Based on the foregoing, we are of the opinion that:

 

  1. the Company has qualified for treatment as a REIT under the Internal Revenue Code for its taxable year ended December 31, 2006, and the Company’s organization and method of operation will enable it to meet the requirements for qualification and taxation as a REIT for its taxable year ending December 31, 2007, and to continue to meet such requirements in each taxable year thereafter; and

 

  2. the descriptions of the law and the legal conclusions contained in the Prospectus under the caption “Certain U.S. Federal Income Tax Considerations” are correct in all material respects.

The Company’s qualification and taxation as a REIT depends upon the Company’s ability to meet on a continuing basis, through actual annual operating and other results, the various requirements under the Internal Revenue Code and described in the Prospectus with regard to, among other things, the sources of its gross income, the composition of its assets, the level of its distributions to stockholders and the diversity of its stock ownership.
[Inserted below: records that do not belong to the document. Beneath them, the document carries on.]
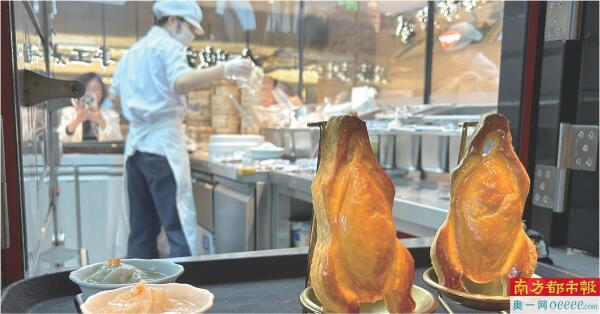 越来越多的早茶门店推出创新点心。图右的点心为烧鹅形状的叉烧酥。
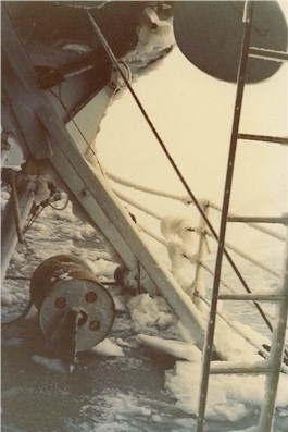 (NPG017) HMCS NIPIGON covered in ice
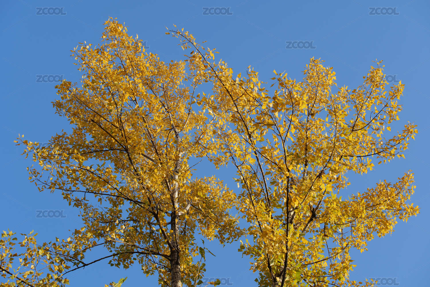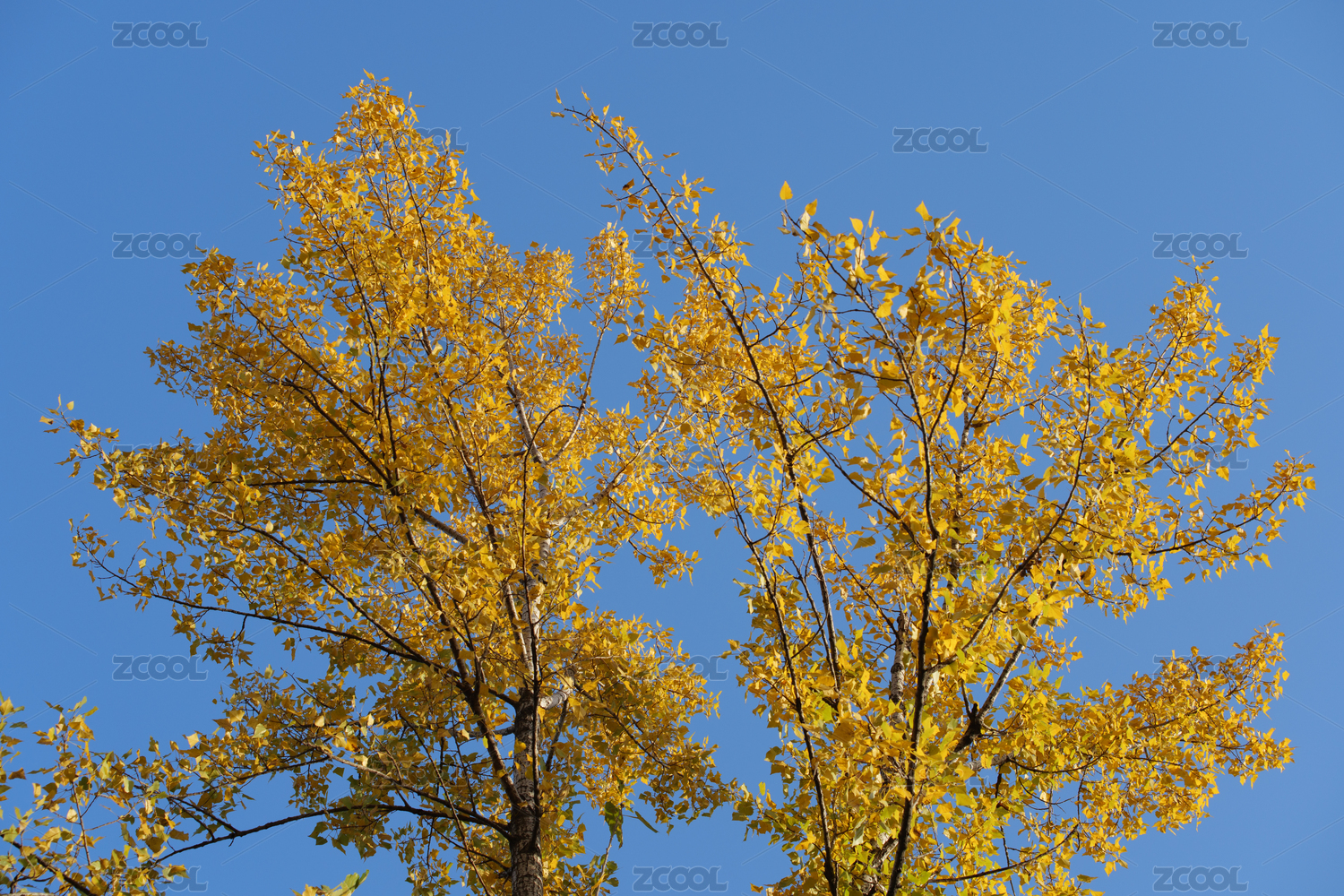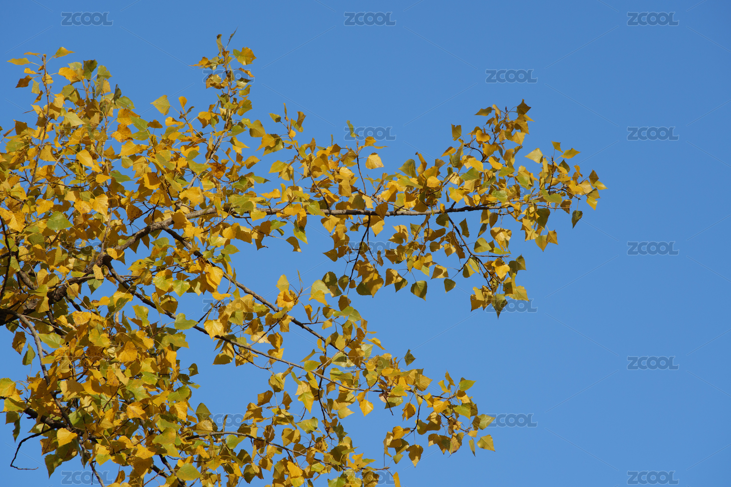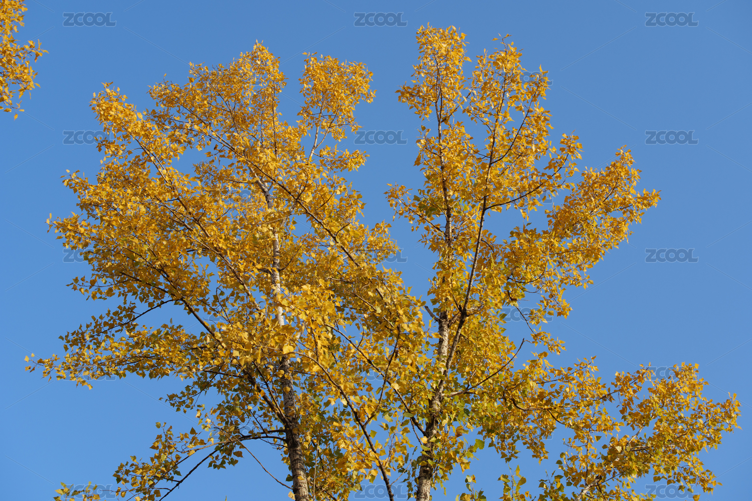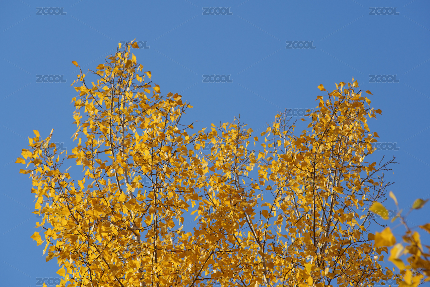 秋天晴朗蓝天映衬下金黄色的杨树叶子
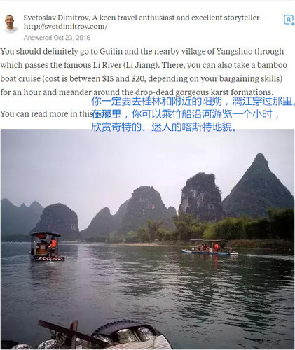 在美版知乎“Quora”網(wǎng)站上,有網(wǎng)友提問“應(yīng)不應(yīng)該選擇桂林作為自己到中國的旅游之地”,一名熱愛旅行的外國網(wǎng)友是這樣回答的:
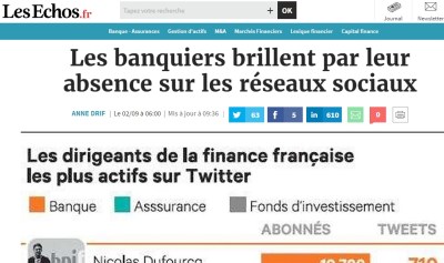 Dans le cadre de l’article d’Anne Drif sur la présence des banquiers sur les réseaux sociaux, j’ai été interrogé pour essayer d’expliquer leur faible présence :
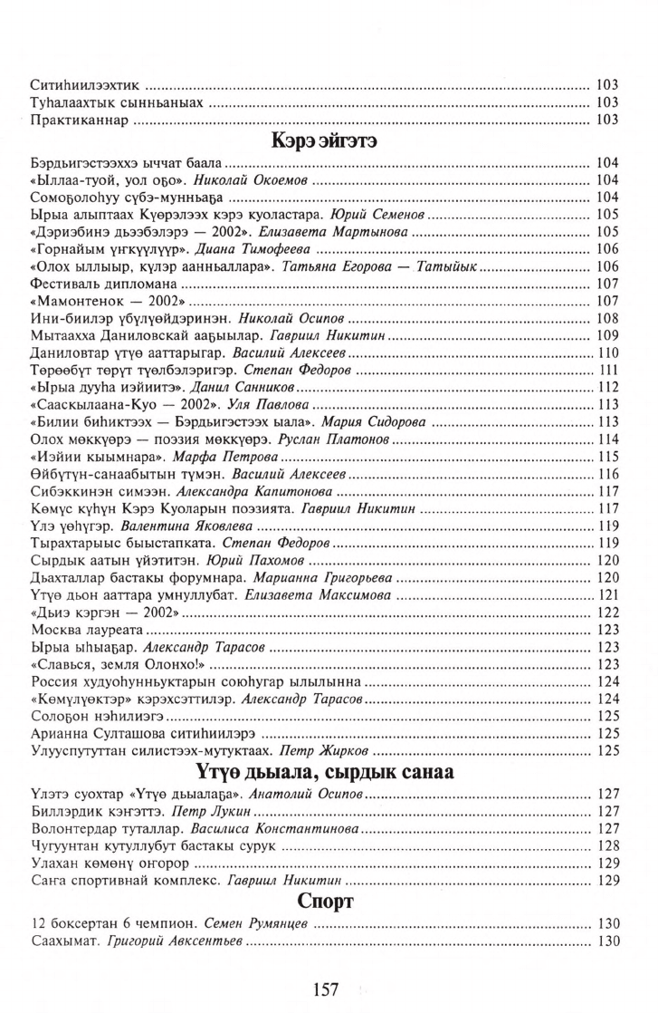 Чыпчаал - 2002 : өйдүү-саныы сылдьаары / Горнай улууһун дьаһалтата, "Үлэ күүһэ" хаһыат ред. ; Хомуйан оҥордулар: В.И. Алексеев, Е.А. Пономарева. - Дьокуускай, 2003. - 158 с.

O’Melveny & Myers LLP will not review the Company’s compliance with these requirements on a continuing basis. Accordingly, no assurance can be given that the actual results of the operations of the Company, the Subsidiaries and the Property Partnerships, the sources of their income, the nature of their assets, the level of the Company’s distributions to stockholders and the diversity of its stock ownership for any given taxable year will satisfy the requirements under the Internal Revenue Code for qualification and taxation as a REIT. Other than as expressly stated above, we express no opinion on any issue relating to the Company, one or more of the Subsidiaries or the Property Partnerships or to any investment therein. Furthermore, we assume no obligation to advise you of any changes in the foregoing subsequent to the date of this letter, and we are not undertaking to update this letter after the date hereof.

We hereby consent to the filing of this opinion as an exhibit to the Registration Statement and the use of the name of our firm therein.